§ Work task
Copy out every line of the material below, character for character, apart from the pictures.

§ Recorded information
_____
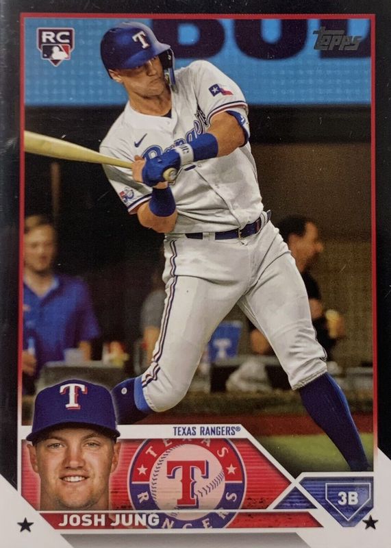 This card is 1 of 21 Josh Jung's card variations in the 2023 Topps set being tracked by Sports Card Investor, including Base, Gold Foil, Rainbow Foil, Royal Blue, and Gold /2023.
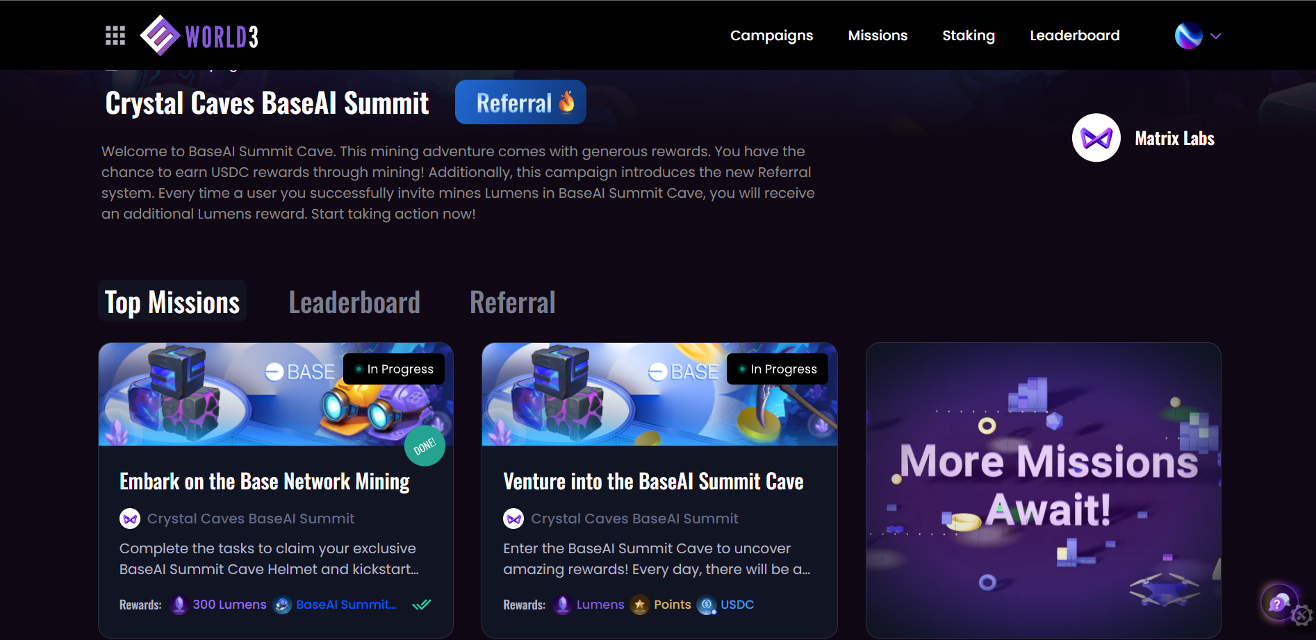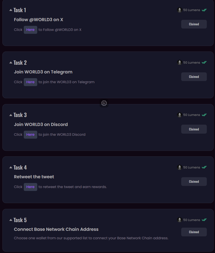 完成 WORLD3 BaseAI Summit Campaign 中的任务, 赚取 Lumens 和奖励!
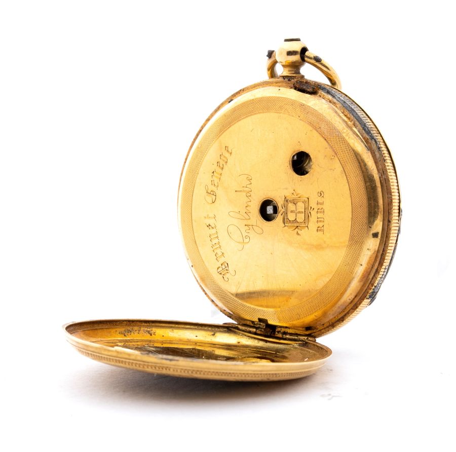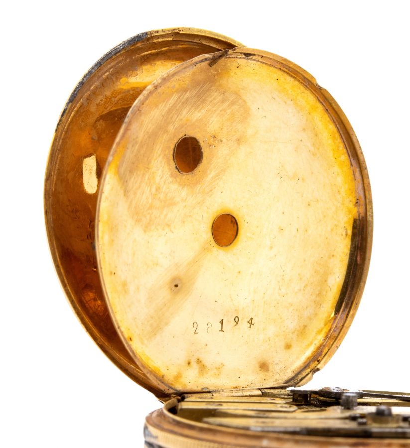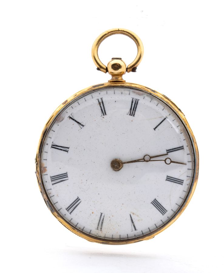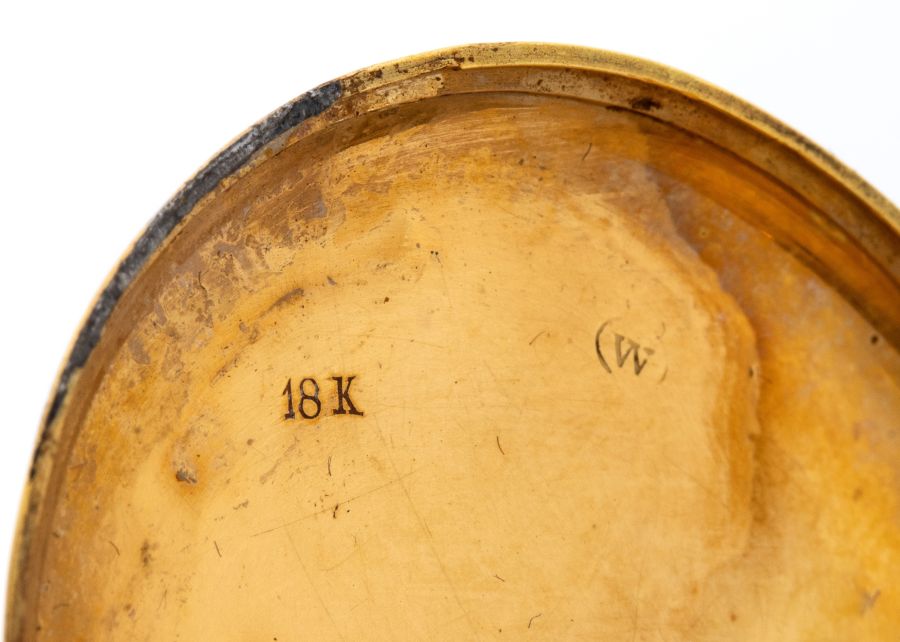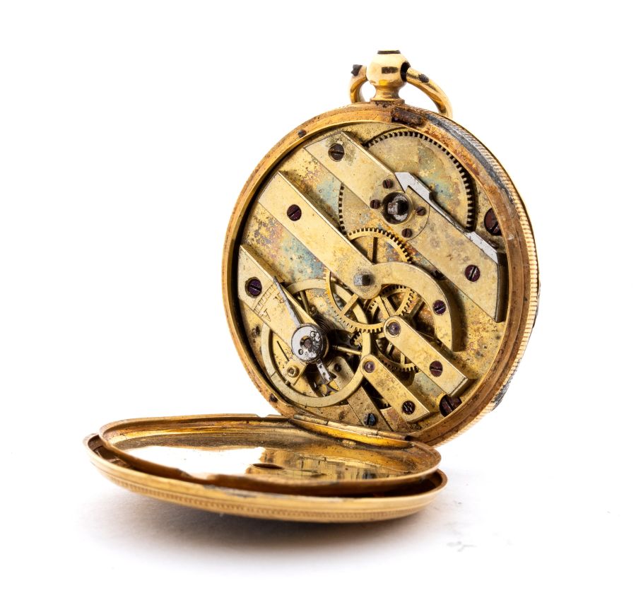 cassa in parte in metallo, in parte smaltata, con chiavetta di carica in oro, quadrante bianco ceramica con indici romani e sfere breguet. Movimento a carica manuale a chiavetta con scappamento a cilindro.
_____
§ Solution to this problem
 This card is 1 of 21 Josh Jung's card variations in the 2023 Topps set being tracked by Sports Card Investor, including Base, Gold Foil, Rainbow Foil, Royal Blue, and Gold /2023.
 完成 WORLD3 BaseAI Summit Campaign 中的任务, 赚取 Lumens 和奖励!
 cassa in parte in metallo, in parte smaltata, con chiavetta di carica in oro, quadrante bianco ceramica con indici romani e sfere breguet. Movimento a carica manuale a chiavetta con scappamento a cilindro.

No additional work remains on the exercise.